Equinix Testing Fuel Cell for Use in Fire Suppression - Equinix has become the latest provider to test drive the use of fuel cells, installing a 100-kilowatt system to generate energy for its FR4 data center in Frankfurt, Germany, the company said. In a new wrinkle, the demonstration system is designed to also provide fire suppression by managing the oxygen level in the room, leaving enough oxygen for staff to breathe comfortably but not enough oxygen to support a fire.

Looking Beyond Linpack: New Supercomputing Benchmark in the Works - Has the performance metric used to rank the world’s top supercomputers become dated ? With so much emphasis and funding invested in the Top500 rankings, the 20-year old Linpack benchmark has come under scrutiny, with some in the community suggesting it needs to evolve.
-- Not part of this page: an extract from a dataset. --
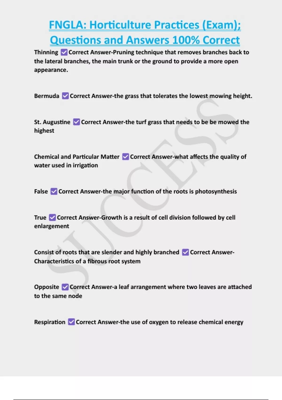 , FNGLA: Horticulture Practices (Exam);

Now even University of Tennessee  professor Jack Dongarra, who helped found the Top500 list, believes it is time for a change.

Facebook’s Power Footprint Growing, Moving East - Facebook’s data center energy use grew 33 percent in 2012, as the company installed tens of thousands of servers in its new company-built data centers. The growth of the company’s power usage is disclosed in the company’s latest sustainability report, which also documents the company’s move to reduce its computing footprint in Silicon Valley, even as it boosts its reliance on leased space in northern Virginia.

Harvesting Big Data: How Farm Fields Boost Data Center Demand - Those fields of crops you drive past out in the country could be generating data center demand. PureSense, which provides “irrigation intelligence” for farmers to manage and automate irrigation systems to improve crop yields, is expanding its data center to accommodate 14 terabytes of data and 4 billion data records.